• EXCERPTED RECORDS:
************
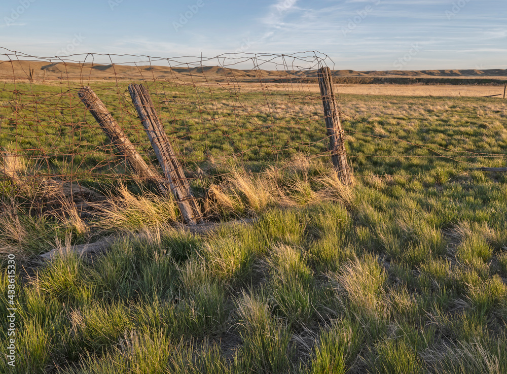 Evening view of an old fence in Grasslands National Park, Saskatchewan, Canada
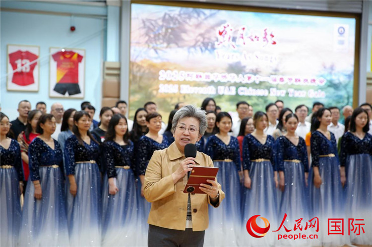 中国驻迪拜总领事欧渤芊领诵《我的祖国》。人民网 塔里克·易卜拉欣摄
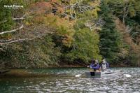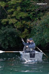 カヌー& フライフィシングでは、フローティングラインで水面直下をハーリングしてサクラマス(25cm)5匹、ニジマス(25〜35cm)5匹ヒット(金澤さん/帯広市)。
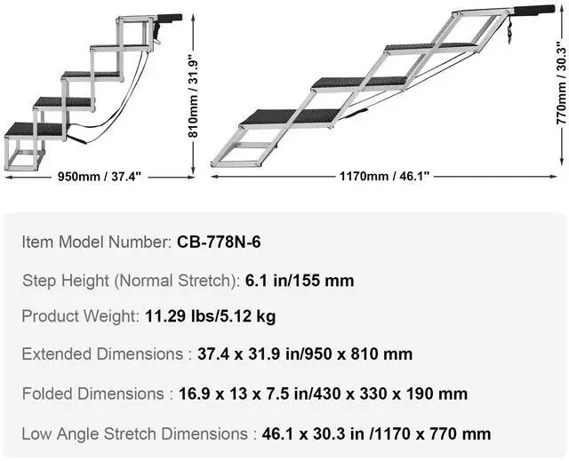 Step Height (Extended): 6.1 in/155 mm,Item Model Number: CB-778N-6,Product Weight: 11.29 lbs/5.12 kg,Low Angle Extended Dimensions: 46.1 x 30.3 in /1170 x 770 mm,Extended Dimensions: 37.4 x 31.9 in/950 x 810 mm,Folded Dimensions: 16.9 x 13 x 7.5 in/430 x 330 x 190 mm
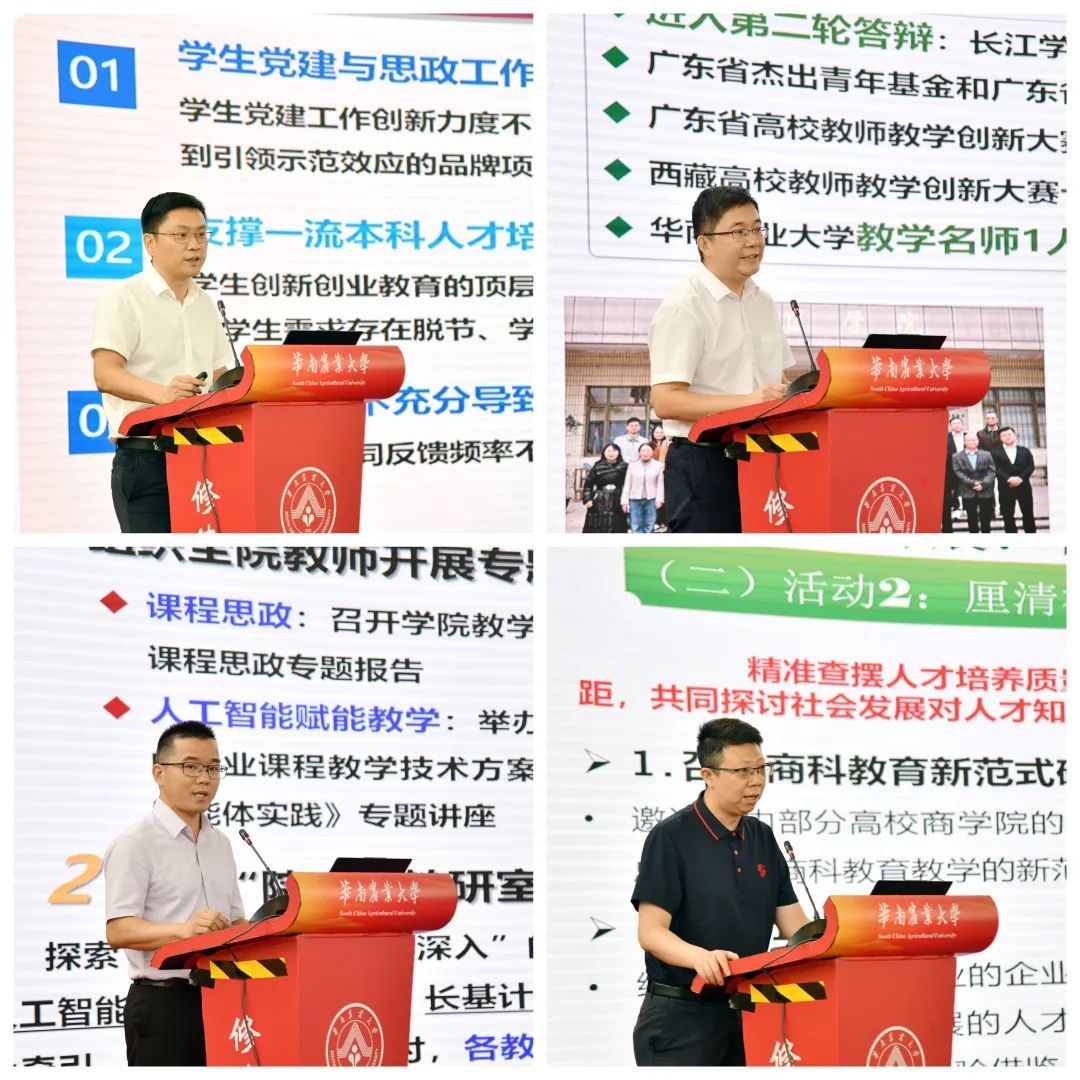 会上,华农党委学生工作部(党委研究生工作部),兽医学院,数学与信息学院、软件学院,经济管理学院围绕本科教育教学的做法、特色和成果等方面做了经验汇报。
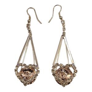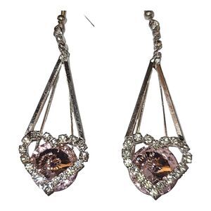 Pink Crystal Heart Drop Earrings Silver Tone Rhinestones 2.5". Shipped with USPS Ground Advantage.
************
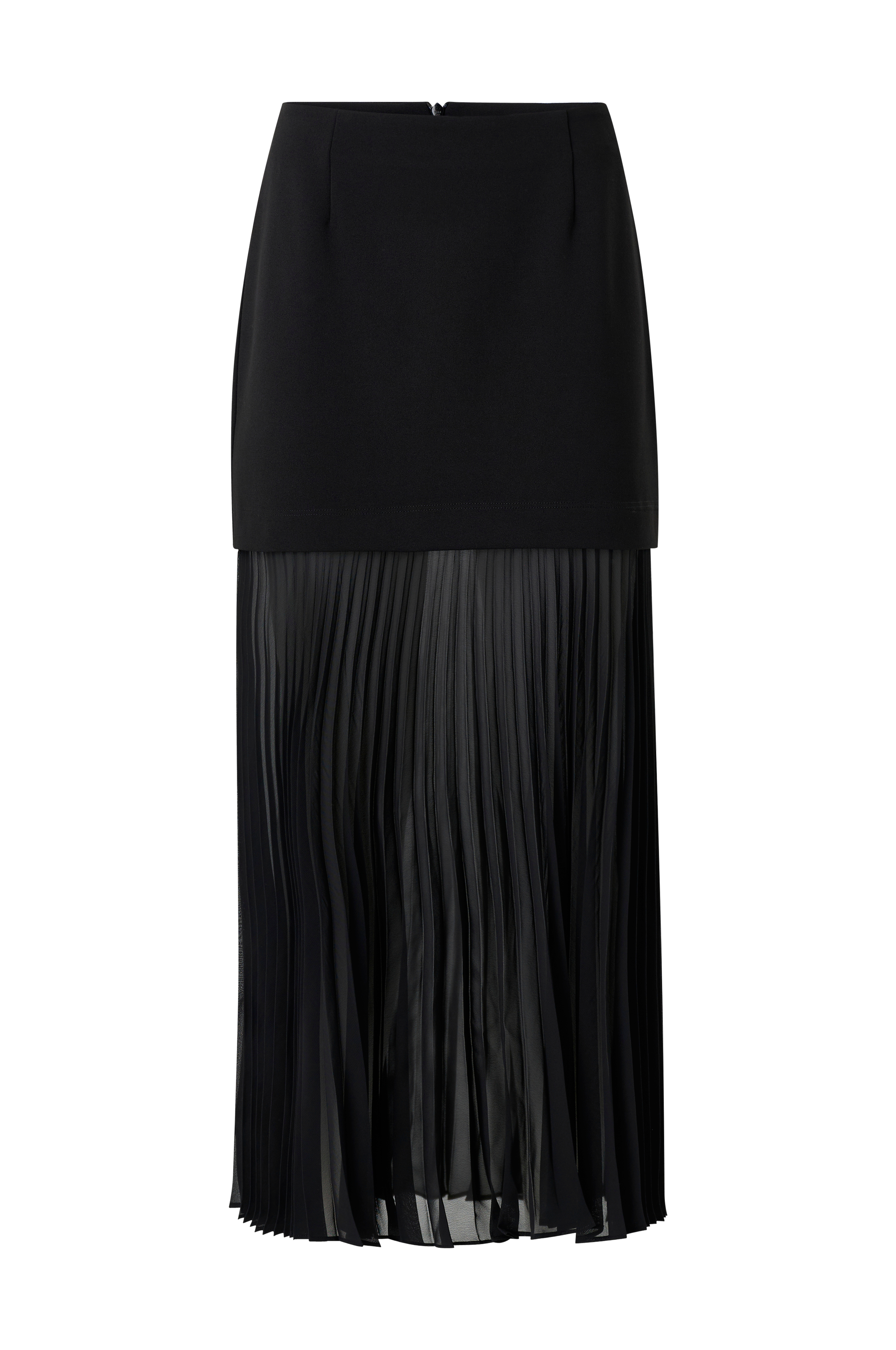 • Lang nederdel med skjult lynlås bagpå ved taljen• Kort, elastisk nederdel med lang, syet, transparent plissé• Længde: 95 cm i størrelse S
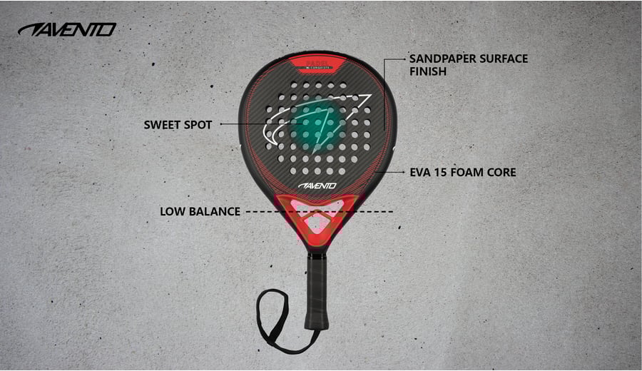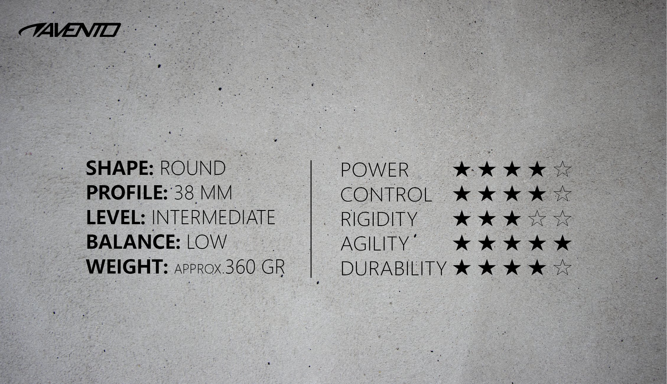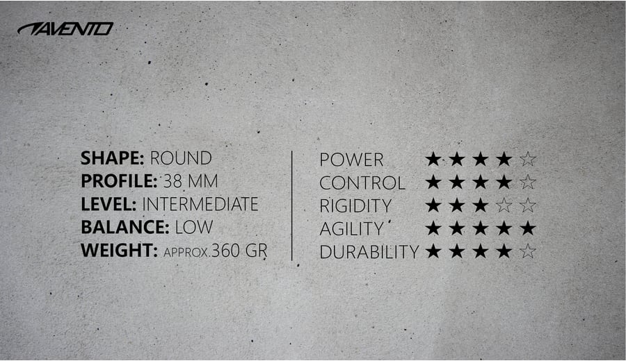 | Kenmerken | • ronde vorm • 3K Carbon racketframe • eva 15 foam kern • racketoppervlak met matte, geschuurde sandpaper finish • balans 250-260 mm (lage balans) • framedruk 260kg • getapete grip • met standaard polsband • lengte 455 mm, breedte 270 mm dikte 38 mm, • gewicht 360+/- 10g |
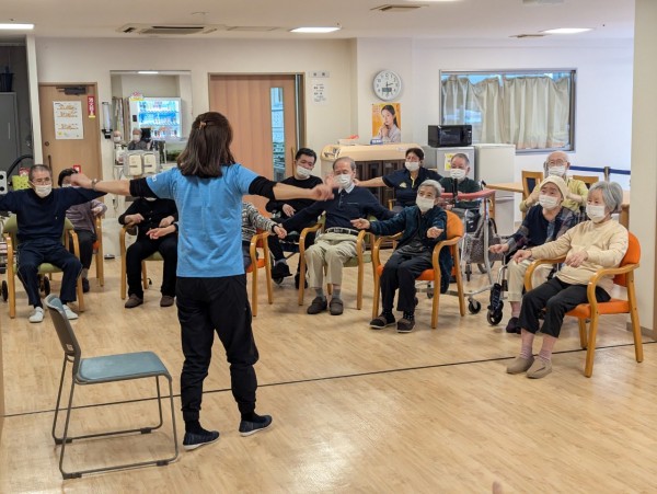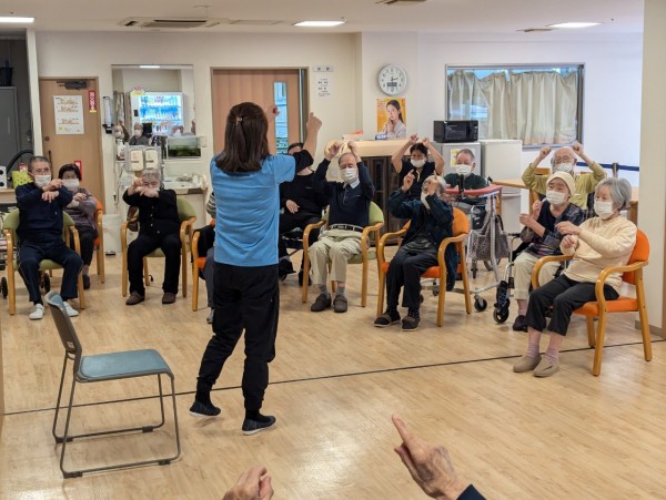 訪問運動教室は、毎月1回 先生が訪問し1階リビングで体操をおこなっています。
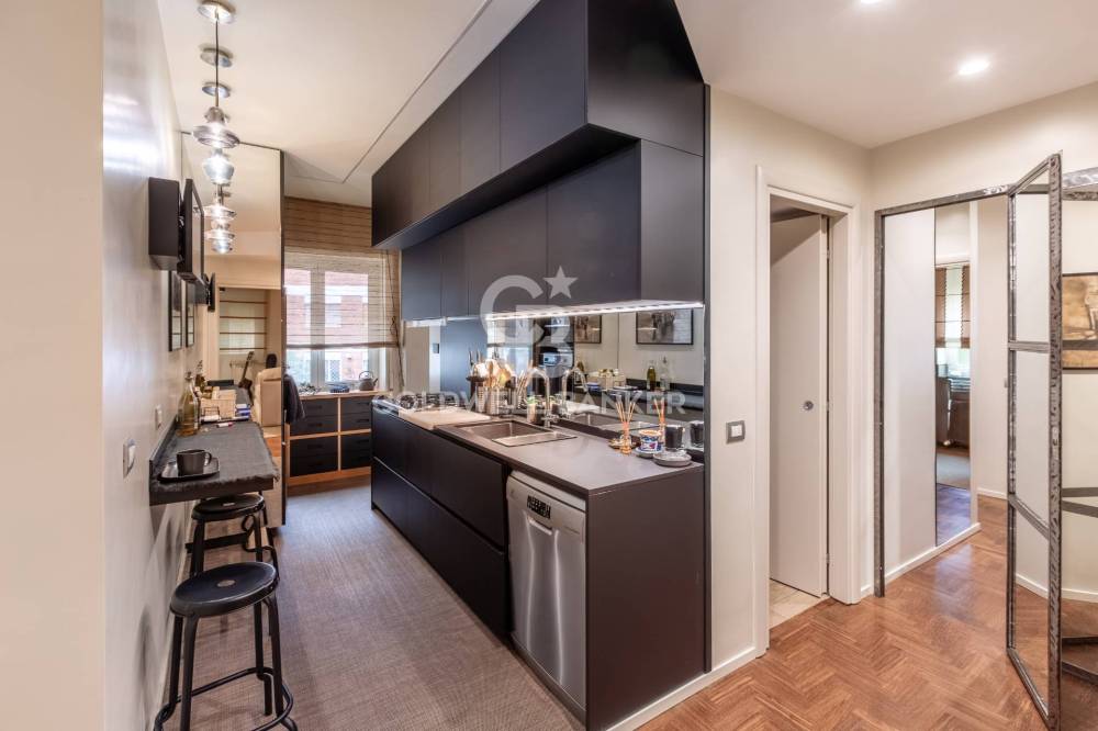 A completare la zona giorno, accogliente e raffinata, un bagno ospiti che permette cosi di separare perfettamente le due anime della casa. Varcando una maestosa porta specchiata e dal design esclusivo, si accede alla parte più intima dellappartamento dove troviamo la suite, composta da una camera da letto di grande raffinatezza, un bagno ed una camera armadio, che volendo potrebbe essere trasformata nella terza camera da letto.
************
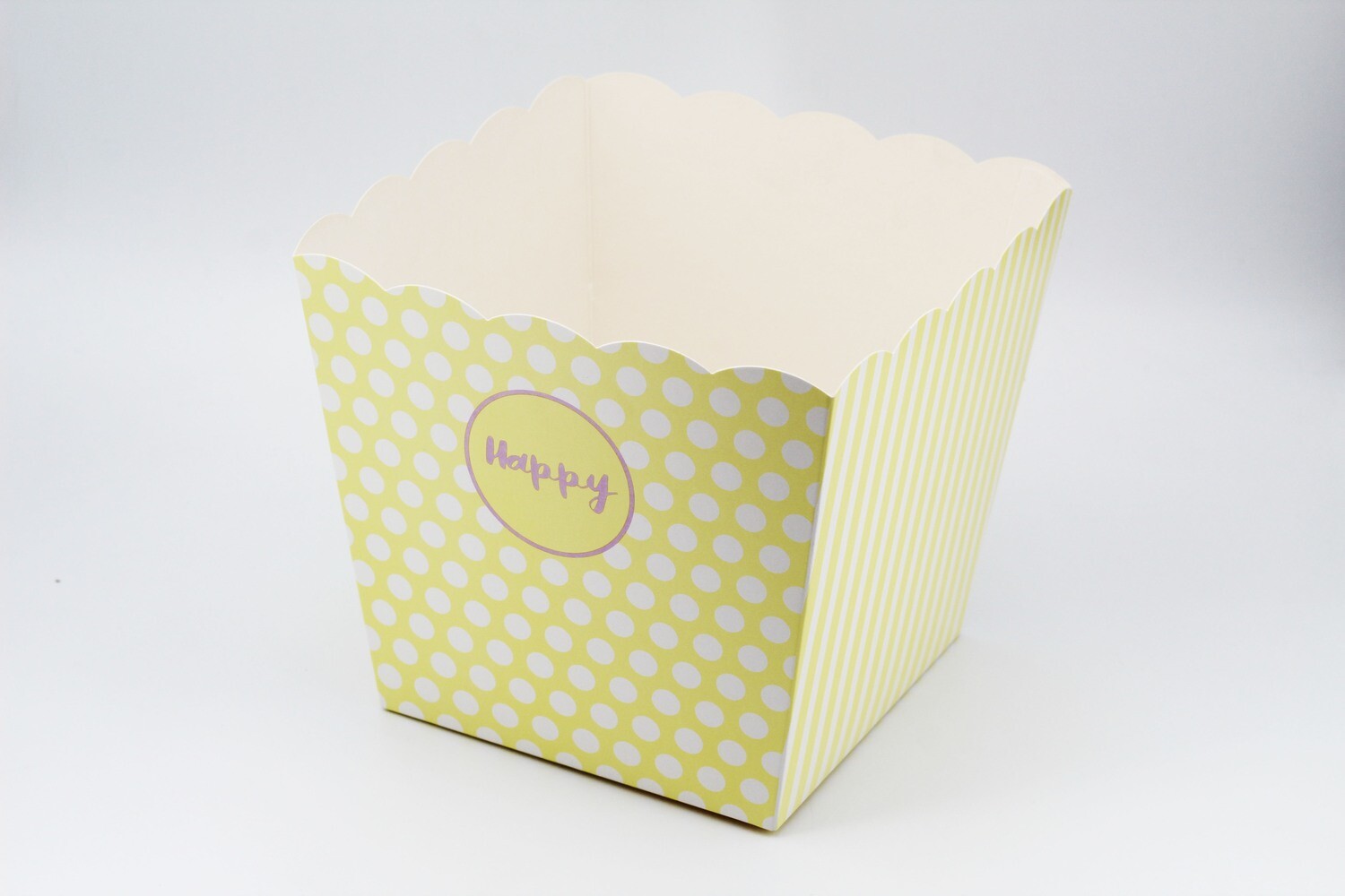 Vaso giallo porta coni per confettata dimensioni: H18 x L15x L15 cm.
************
• EXERCISE REQUIREMENTS: Each line above that falls between the line with "i størrelse S" and the line with "訪問運動教室は、毎月1回 先生が訪問し1階リビングで体操をおこなっています。" should be printed exactly, together with those two lines, but the pictures should not.

• ANSWER BOX:
 • Lang nederdel med skjult lynlås bagpå ved taljen• Kort, elastisk nederdel med lang, syet, transparent plissé• Længde: 95 cm i størrelse S
 | Kenmerken | • ronde vorm • 3K Carbon racketframe • eva 15 foam kern • racketoppervlak met matte, geschuurde sandpaper finish • balans 250-260 mm (lage balans) • framedruk 260kg • getapete grip • met standaard polsband • lengte 455 mm, breedte 270 mm dikte 38 mm, • gewicht 360+/- 10g |
 訪問運動教室は、毎月1回 先生が訪問し1階リビングで体操をおこなっています。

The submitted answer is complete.